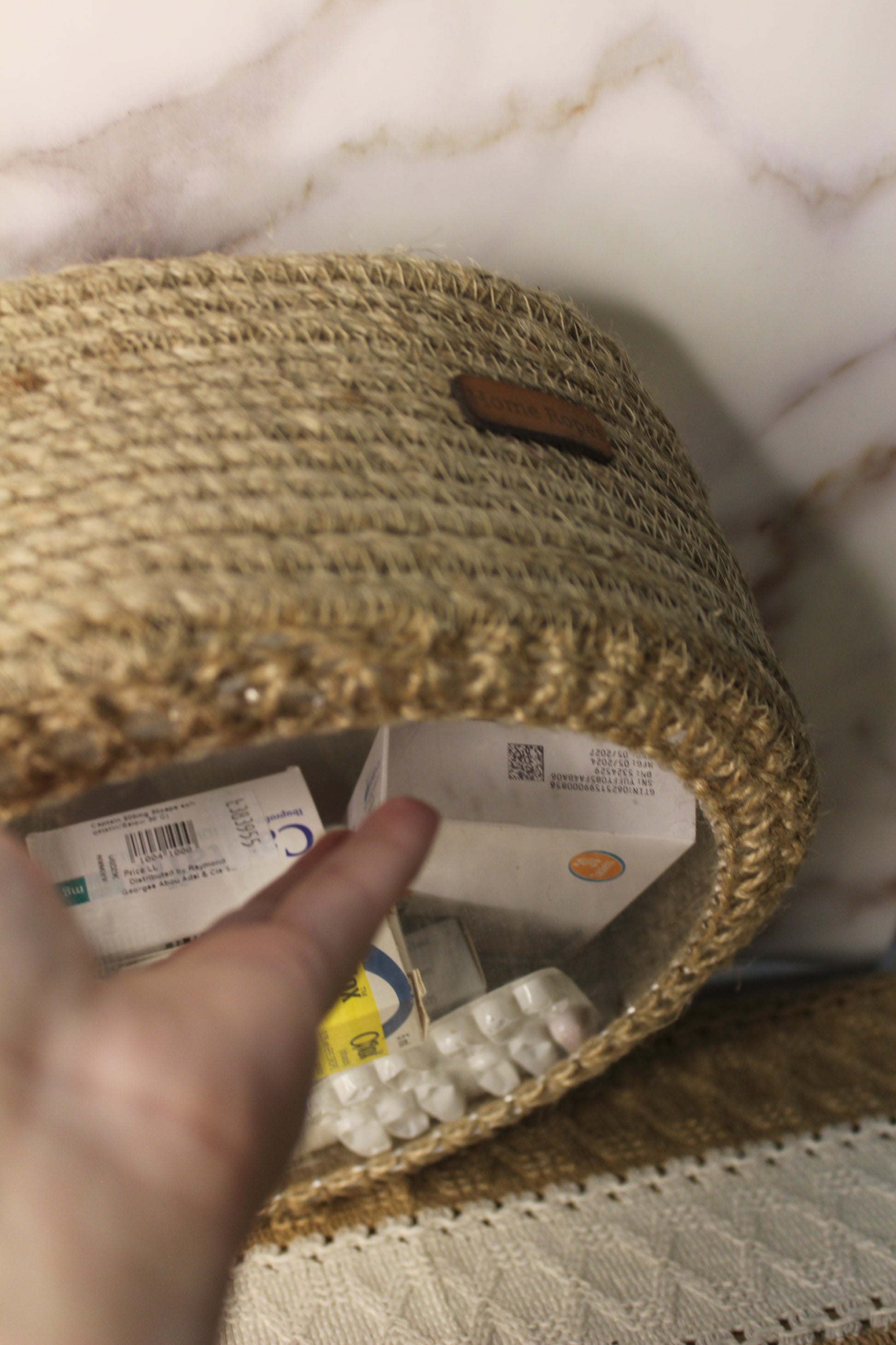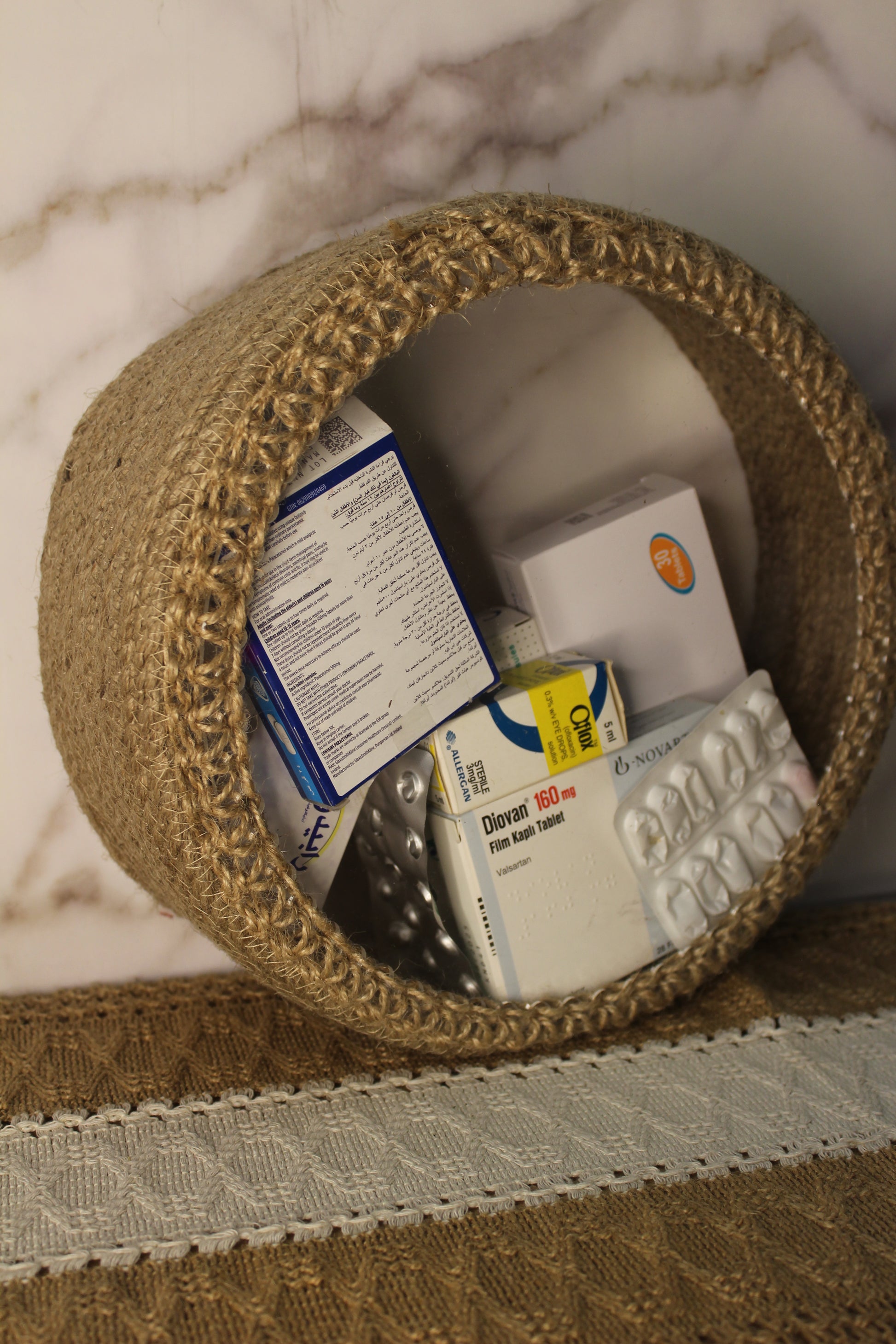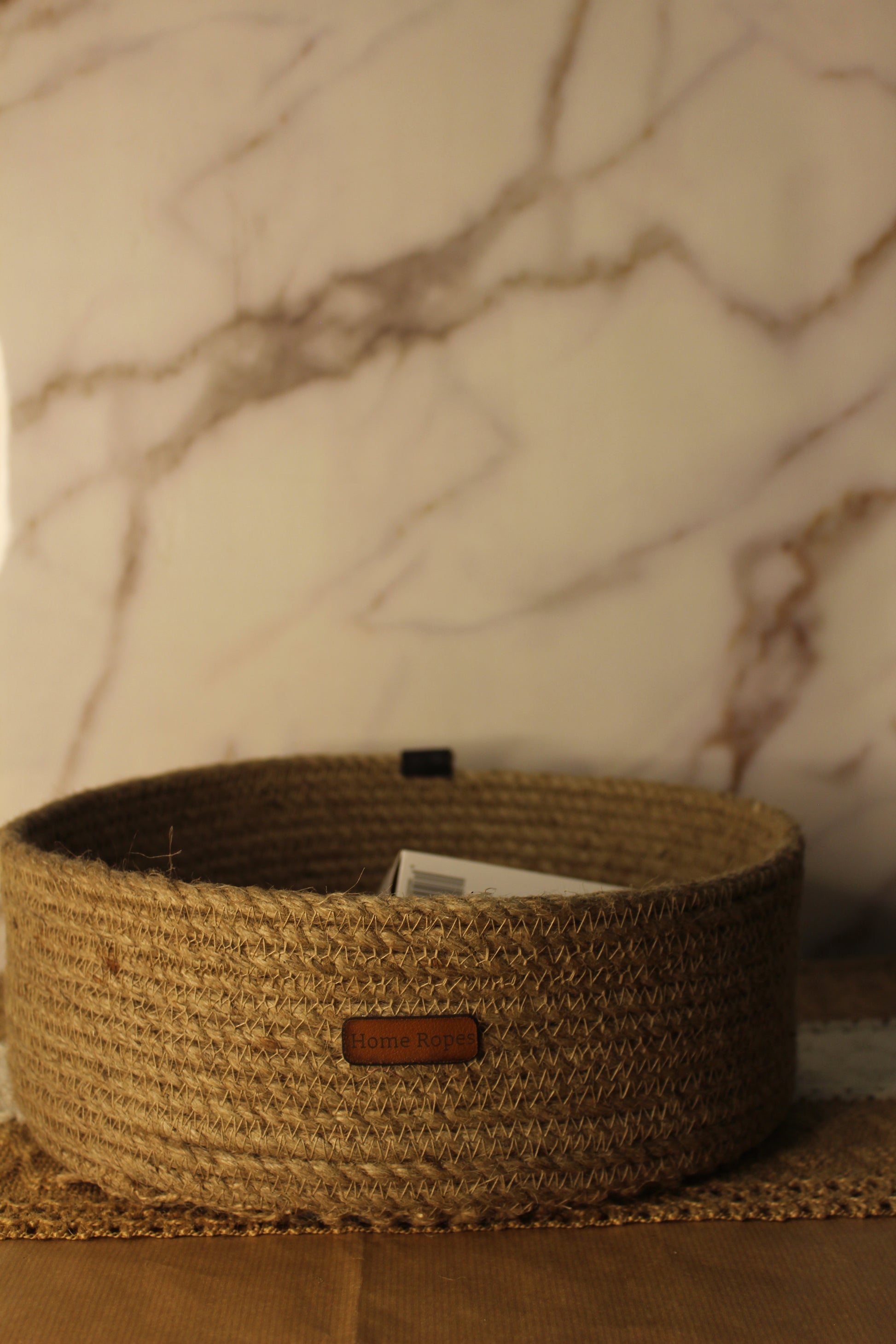 Handmade basket with a plexiglass base made out of natural jute ropes
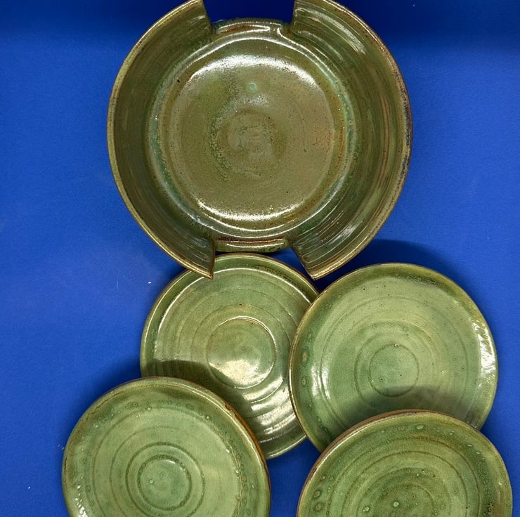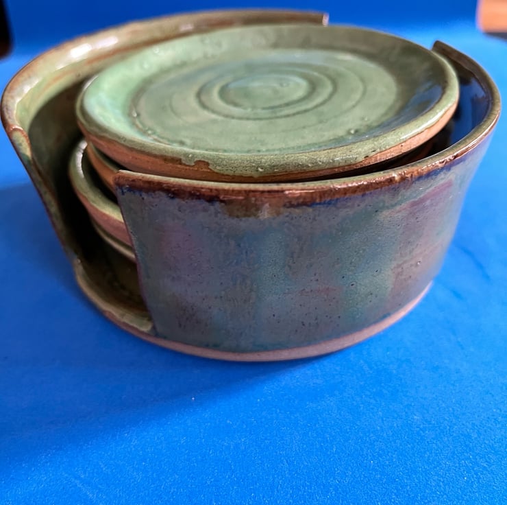 Coaster holder with 4 coasters . Each piece handmade individually on the wheel and glazed in soft , glossy green.
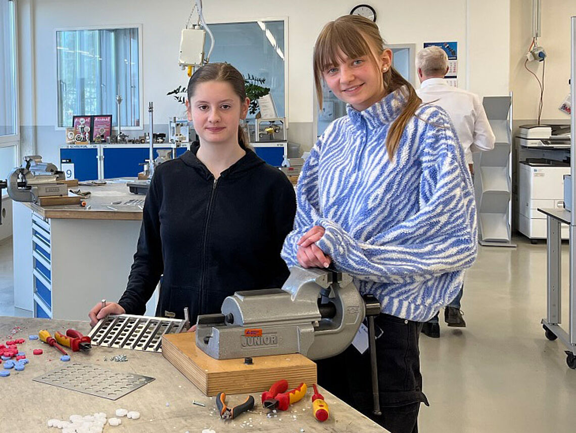 Under the guidance of trainer Vera Mummel, the girls produced a " Connect Four" game made of metal in Schmersal's training workshop, which they could take home after their work was done. Vera Mummel also informed the participants about technical apprenticeships at Schmersal, such as mechatronics engineer or toolmaker.
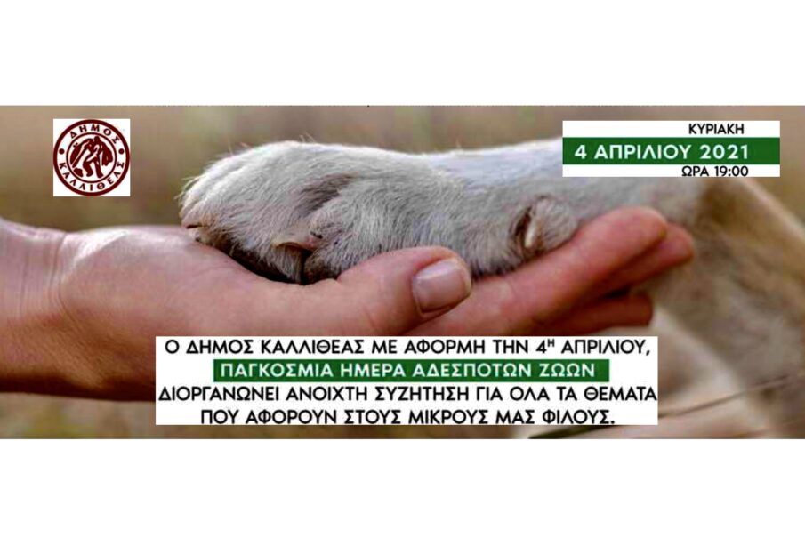 4η Απριλίου, Παγκόσμια Ημέρα Αδέσποτων Ζώων, και ο Δήμος Καλλιθέας διοργανώνει, μέσω της ψηφιακής πλατφόρμας που διαθέτει, ανοιχτή συζήτηση για όλα τα θέματα που αφορούν στους τετράποδους φίλους μας.
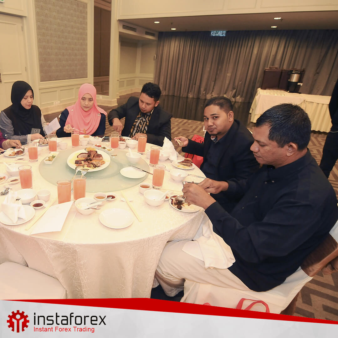 Pada hari kejadian tersebut, hampir seramai 100 pelanggan InstaForex berkumpul di Hotel mewah Eastern dan Oriental bagi membincangkan isu-isu perdagangan yang penting serta bergaul dengan indivdu yang berfikiran terbuka. Suasana yang begitu unik pada malam perjumpaan itu telah membangkitkan semangat kekitaan di kalangan semua tetamu.
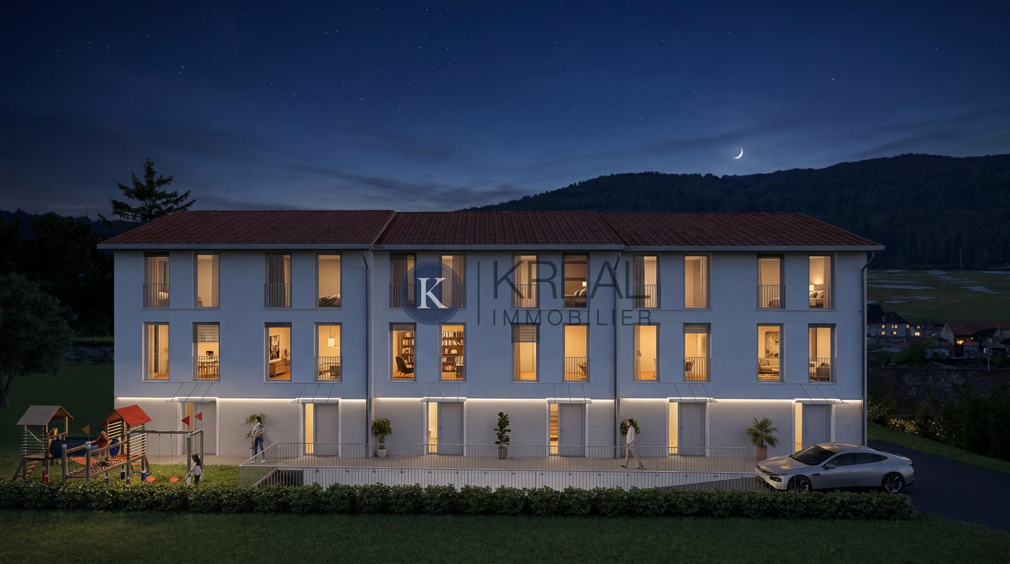 Kreal Immobilier vous présente en exclusivité un projet résidentiel unique composé de 6 villas contiguës en PPE, situé dans un quartier calme à la Rue du Simplon 8 à Vallorbe. Chaque villa est pensée pour offrir confort, luminosité et modernité, avec la possibilité pour les futurs acquéreurs de personnaliser les matériaux et finitions selon leurs envies. Le permis de construire est déjà obtenu et la livraison est prévue fin 2027 - début 2028.
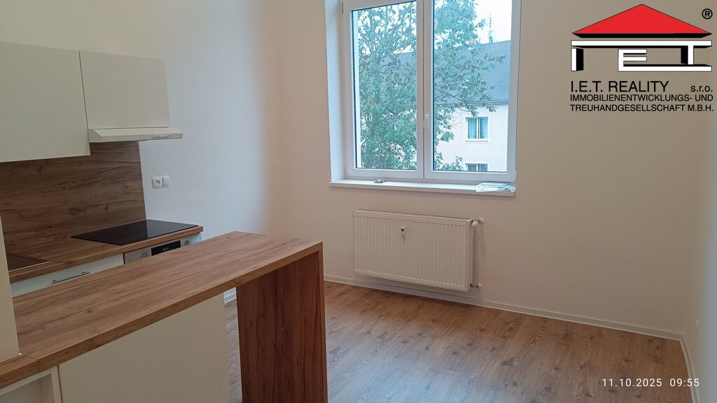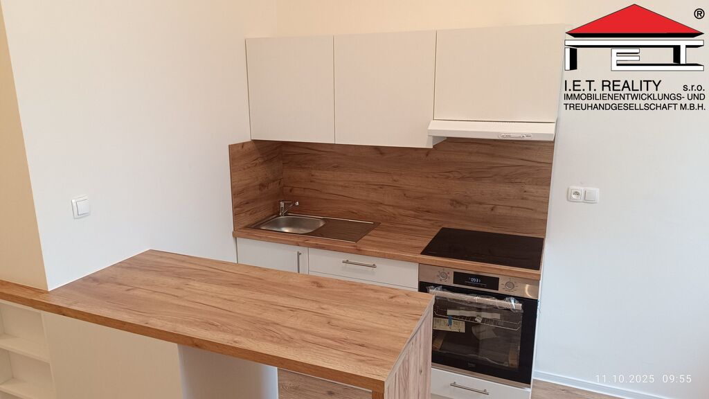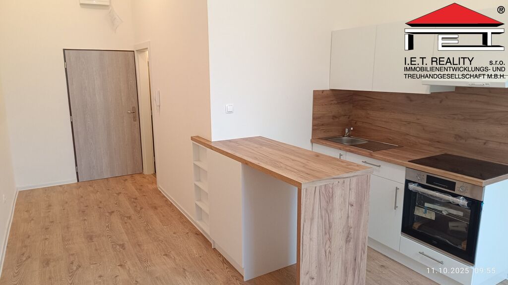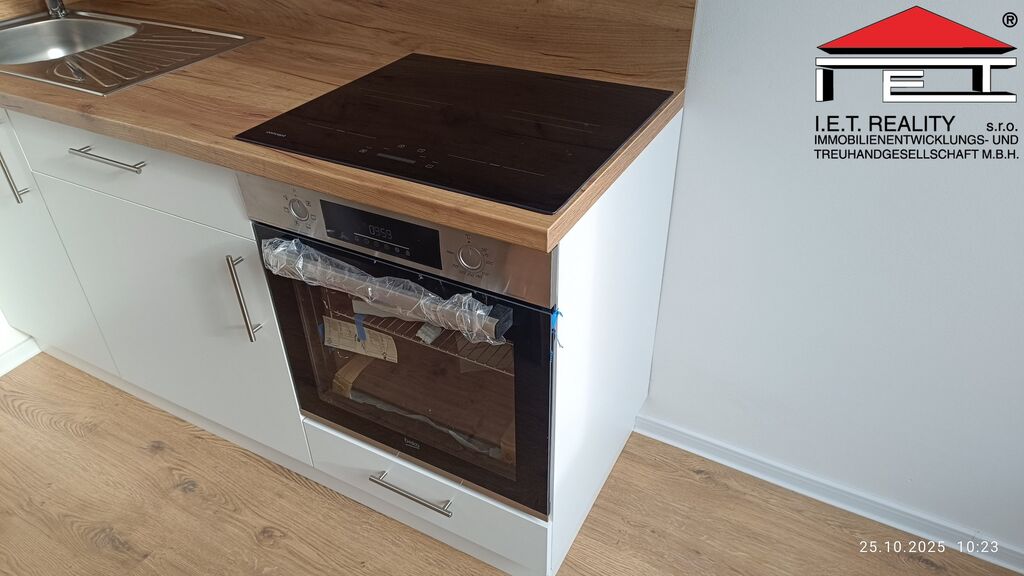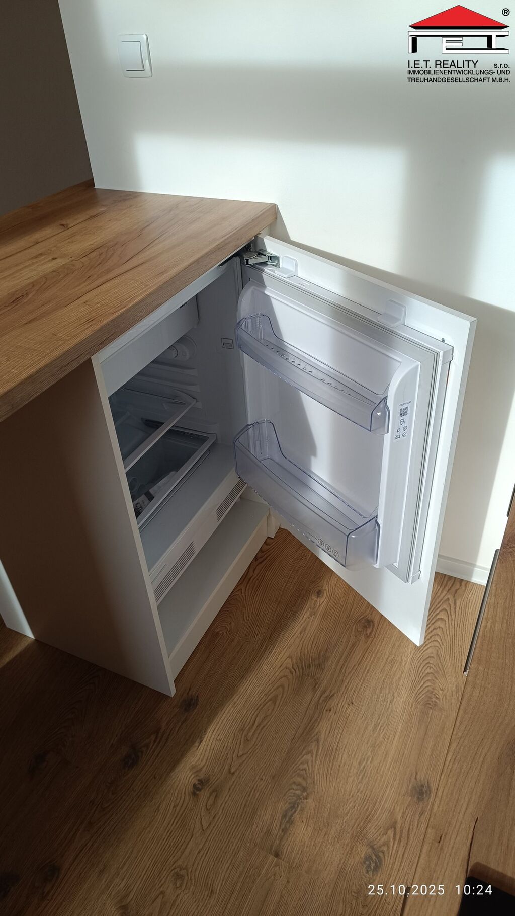 V bytě je moderní kuchyňská linka s el. varnou deskou, troubou a lednicí.
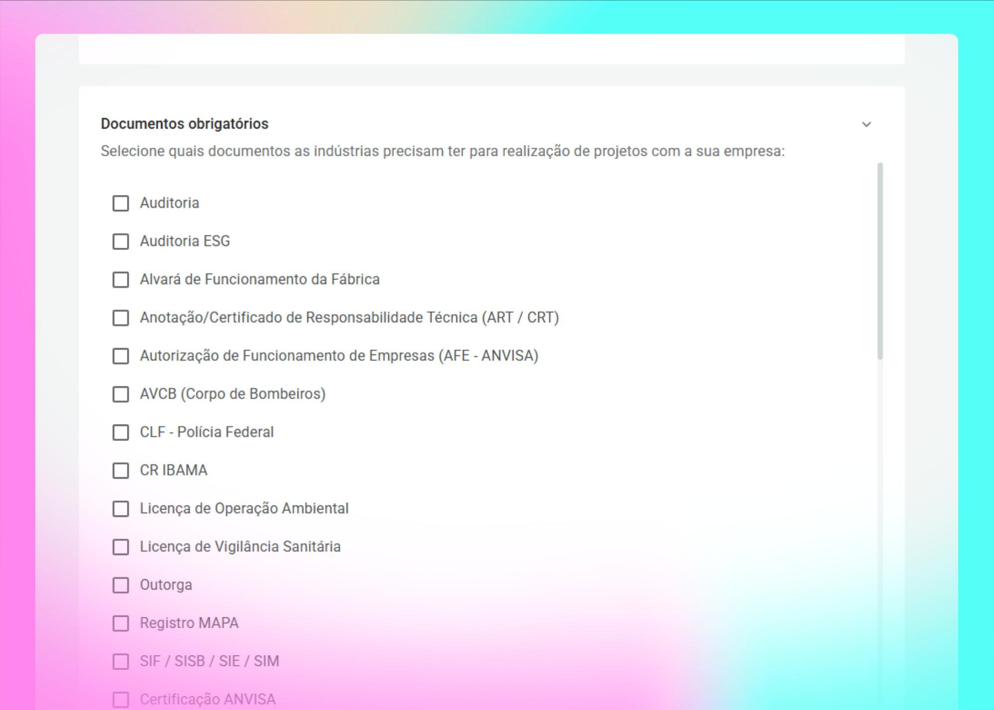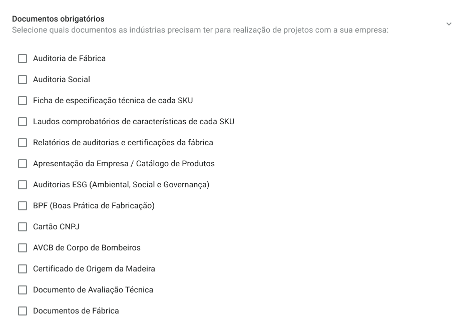 Os varejistas passam a ter autonomia para configurar quais documentações são exigidas de indústrias em seus projetos. Essa definição centralizada ajuda a tornar o processo de seleção de indústrias mais eficiente e alinhado com os critérios específicos de cada negócio.

####################

### Directions
All of the records need repeating exactly, except for the pictures.

### Written answer
 Handmade basket with a plexiglass base made out of natural jute ropes
 Coaster holder with 4 coasters . Each piece handmade individually on the wheel and glazed in soft , glossy green.
 Under the guidance of trainer Vera Mummel, the girls produced a " Connect Four" game made of metal in Schmersal's training workshop, which they could take home after their work was done. Vera Mummel also informed the participants about technical apprenticeships at Schmersal, such as mechatronics engineer or toolmaker.
 4η Απριλίου, Παγκόσμια Ημέρα Αδέσποτων Ζώων, και ο Δήμος Καλλιθέας διοργανώνει, μέσω της ψηφιακής πλατφόρμας που διαθέτει, ανοιχτή συζήτηση για όλα τα θέματα που αφορούν στους τετράποδους φίλους μας.
 Pada hari kejadian tersebut, hampir seramai 100 pelanggan InstaForex berkumpul di Hotel mewah Eastern dan Oriental bagi membincangkan isu-isu perdagangan yang penting serta bergaul dengan indivdu yang berfikiran terbuka. Suasana yang begitu unik pada malam perjumpaan itu telah membangkitkan semangat kekitaan di kalangan semua tetamu.
 Kreal Immobilier vous présente en exclusivité un projet résidentiel unique composé de 6 villas contiguës en PPE, situé dans un quartier calme à la Rue du Simplon 8 à Vallorbe. Chaque villa est pensée pour offrir confort, luminosité et modernité, avec la possibilité pour les futurs acquéreurs de personnaliser les matériaux et finitions selon leurs envies. Le permis de construire est déjà obtenu et la livraison est prévue fin 2027 - début 2028.
 V bytě je moderní kuchyňská linka s el. varnou deskou, troubou a lednicí.
 Os varejistas passam a ter autonomia para configurar quais documentações são exigidas de indústrias em seus projetos. Essa definição centralizada ajuda a tornar o processo de seleção de indústrias mais eficiente e alinhado com os critérios específicos de cada negócio.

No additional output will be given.